Возможно, к тому времени в душе его уже «сражались» за первенство «технарь» и поэт, но «технарь» позиций не сдавал: страна жила пафосом индустриализации, механизации сельского хозяйства; к тому же с газетных полос не сходили призывы крепить оборону. Пин (так «укороченно» звали его дома и в кругу друзей) посещал стрелковый кружок и даже придумал усовершенствование к пулемету «Максим», за которое получил денежную премию и благодарность от наркома обороны.
После рабфака Винтман поступил в Сельхозакадемию на факультет электрификации и механизации.
Зинаида Сагалович и Павел Винтман. Киев, 1939 г.
Впрочем, именно здесь, в Сельхозакадемии, «технарь» милостиво «позволил» поэту подать голос: Пин стал посещать занятия студенческого литкружка и начал (а может быть, просто продолжал, но уже не таясь) писать стихи.
Эти годы — 1935–1936 — и можно считать началом его творческого пути, поэзия полностью овладела им, стала смыслом его жизни.
В 1937-м Павел переводится в Киевский университет имени Т. Г. Шевченко на русское отделение филологического факультета и с первых же дней с головой окунается в литературную жизнь, бурлившую там: литстудия (в работе которой принимал участие ряд уже «настоящих», издавших книги или, по крайней мере, печатающихся в прессе поэтов, прозаиков, критиков), литературная стенгазета (в особенности юмористический ее раздел — «Парнасский брадобрей»), просто — встречи с друзьями (до и после лекций), встречи, которые и начинались с чтения стихов и чтением стихов заканчивались; причем «запойно» читались стихи и свои и не свои. Любимыми поэтами Павла и его друзей были Багрицкий, Тихонов, Луговской, Сельвинский, из украинских — Рыльский, Сосюра.
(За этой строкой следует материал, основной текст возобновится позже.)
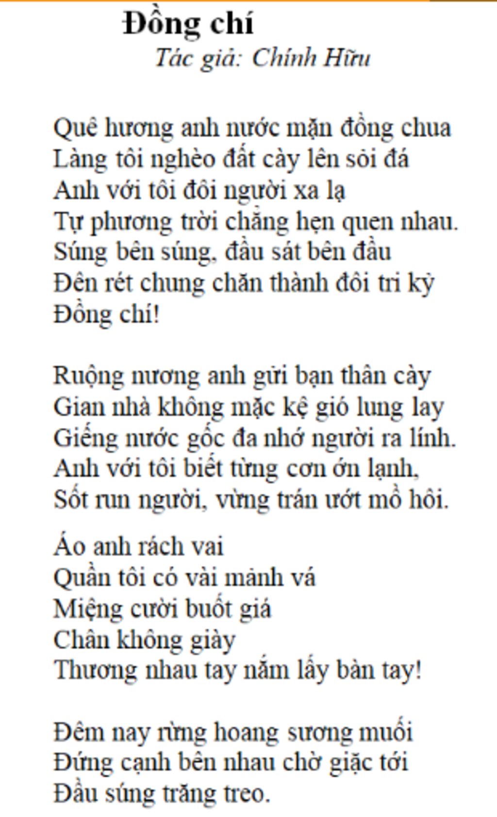 Người lính nông dân, như một lẽ tự nhiên đã đi vào biết bao bài thơ trong văn học Việt Nam. Hình ảnh của họ hiện lên thật giản dị, gần gũi như Nhớ của Hồng Nguyên, Cá nước của Tố Hữu,… và cũng nằm trong mạch chung ấy, ta không thể không nhắc đến Đồng chí của Chính Hữu. Bài thơ là bài ca ca ngợi tình cảm đồng chí, đồng đội tha thiết, sâu nặng trong hoàn cảnh chiến tranh ác liệt.
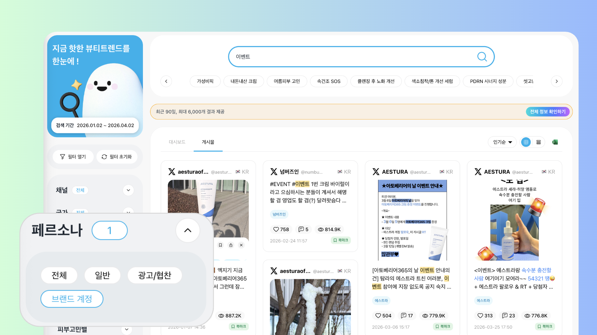 원하는 키워드를 입력하고, 좌측의 페르소나 > 브랜드 계정 필터를 통해 잘 운영하는 타사 브랜드 계정들의 활동을 살펴보세요!
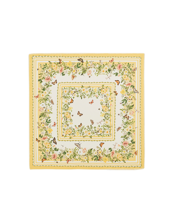 Step into a sunlit meadow with our Yellow Cybele Narrative Square Scarf. Crafted in soft twill, it blooms with cheerful pink and yellow flowers, capturing the charm of nature in full flourish. Mini cut fringes along the edges add a nostalgic touch.
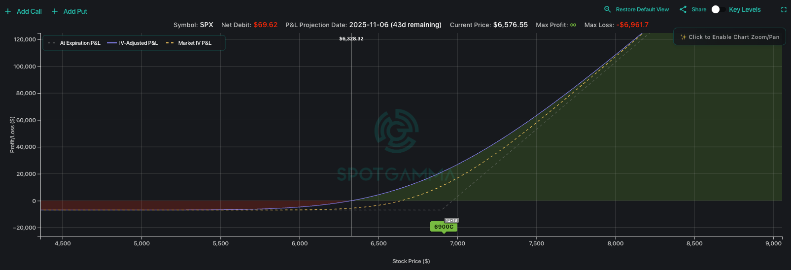 In this case, if the market were to rally the ATM IV would drop, but we also think call skew would pick up. Given that, our new options calculator (launching this month!) shows IV holding pretty flat for this specific SPX ~6,900 call (solid line = our IV projection PNL vs dashed line = current IV). Now we are not suggesting you go hog-wild loading up on calls, but you could easily see a big jump in markets with OPEX clearing, + AI earnings/Trump/XI deal, and maybe even a resolution to the Ukraine conflict. If all that goes south, which is also a real possibility, then the calls offer fixed downside risk.
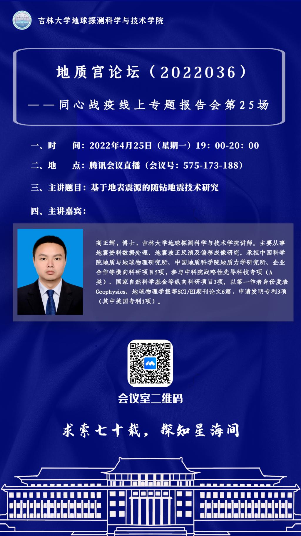永利yl23411·地质宫论坛(2022036)—永利yl23411高正辉博士学术报告
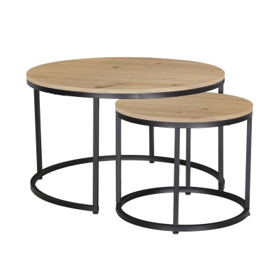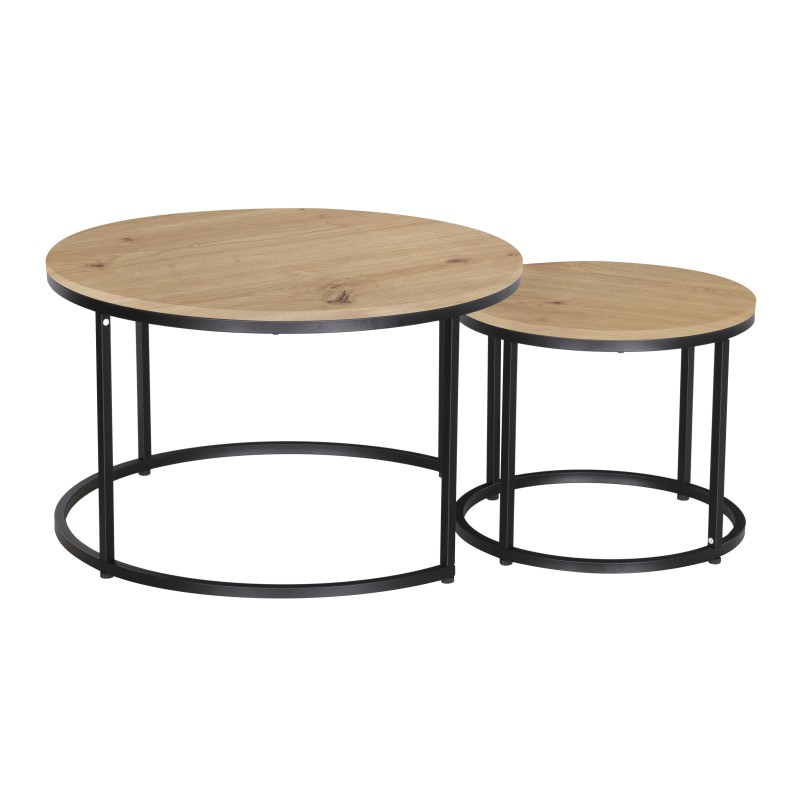 Τραπέζια σαλονιού στρογγυλά σετ 2τεμ όψη ξύλου με μεταλλικό μαύρο σκελετό CJ-N2104 80x80x48εκ
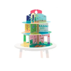 At first glance, Round Table by PlanToys ist a stylish, light-coloured play table round with a dark tabletop. On closer inspection, it quickly becomes an exciting toy that allows children to decorate it in whatever way the like. Thanks to a special matt finish, they can draw on it with chalk and wipe it off easily again and again. And the mysterious lid in the middle? Hides a secret basket drawer in which all the various colours can be stored. Provided, of course, it is not already in use as a doll bed, dinosaur cave, or fruit net.

Со мной, хоть я и осталась «технарем», Пин продолжал дружить. Более того, он ввел меня в круг своих университетских товарищей. Конечно, я и раньше много читала, любила стихи; но стоило сойтись двум-трем молодым университетским литераторам, как сам воздух вокруг пропитывался поэзией. В те незабываемые дни поэзия навсегда вошла и в мою жизнь как одна из самых насущных необходимостей.